I have a PDF file, this file contains some text and some highlighted text. The highligthed text has not been set with a PDF editor but with Microsoft Word (so this file is a "Print to PDF" word file).

I would like to extract/detect the highlighted text, and if it's possible the color.

I searched and tried different code and my results are :

  • I can extract the highlighted text if it has been highlighted with PDF editor
  • I can't extract the highlighted text if it has been highlighted with word

I would like to know if you have any idea how to extract this highlighted text that isn't set with a PDF editor.

I followed this thread :

Identifying the text based on the output in PDF using PDFBOX

I would like to get (if possible) a result like this :

H{FILL:RGB 0.102 0.101 0.095;}E{FILL:RGB 0.102 0.101 0.095;}L{FILL:RGB 0.102 0.101 0.095;}L{FILL:RGB 0.102 0.101 0.095;}O{FILL:RGB 0.102 0.101 0.095;}

But with the highlighted color of each character and not the character color.

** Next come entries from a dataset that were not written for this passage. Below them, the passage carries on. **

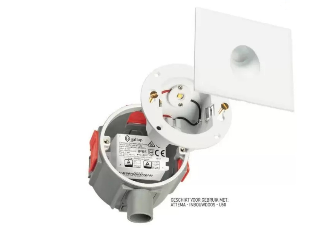 Een wand inbouw armatuur van top klasse! Deze wand inbouwspot is geschikt te monteren in een inbouwdoos U50 inbouwdoos van Attema. Hierdoor zijn de armaturen snel en eenvoudig te plaatsen in elke wand.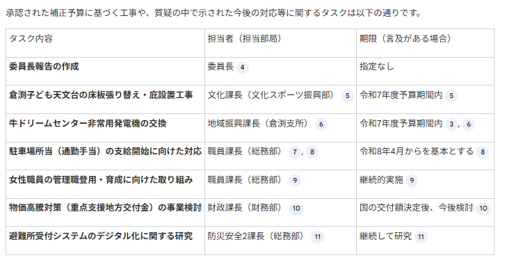 この会議の音声データから、決定事項を箇条書きでリストアップし、それぞれのタスクについて担当者と期限(言及されている場合)を表形式でまとめてください。 出力結果をもとに、情報の抜け漏れや誤認識、不要な補完が発生していないかを総合的に評価しました。 今回検証用に準備したデータは、高崎市の公式HPで公開されている総務常任委員会の音声で約30分の長さがあります。(※1)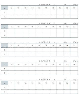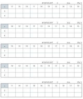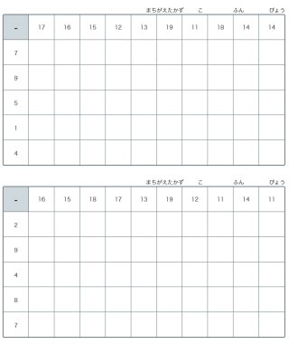 小学1年生算数ます引き算繰り下がり2桁の繰り下がりありの引き算が20ます出題されます。

I tried many things, i can't find a way to extract which part of my PDF is highlighted or not.

I have no more idea i can do...

I hope someone can help me !

macropod
  • 12,757
  • 2
  • 9
  • 21
Treasm
  • 23
  • 4
  • 1
    Please share a representative example PDF. – mkl Jan 12 '23 at 13:30
  • https://uploadnow.io/f/BMfflX9 here is a pdf exemple (not allowed to share the real one because of confidentials informations) – Treasm Jan 12 '23 at 14:15
  • thank you for your answers, i thought the art and text would be connected. so this is not really possible, in Java, to detect which character is hightlighted ? – Treasm Jan 13 '23 at 07:04
  • if anyone has any idea... i'm desperate :') – Treasm Jan 16 '23 at 07:35

0 Answers0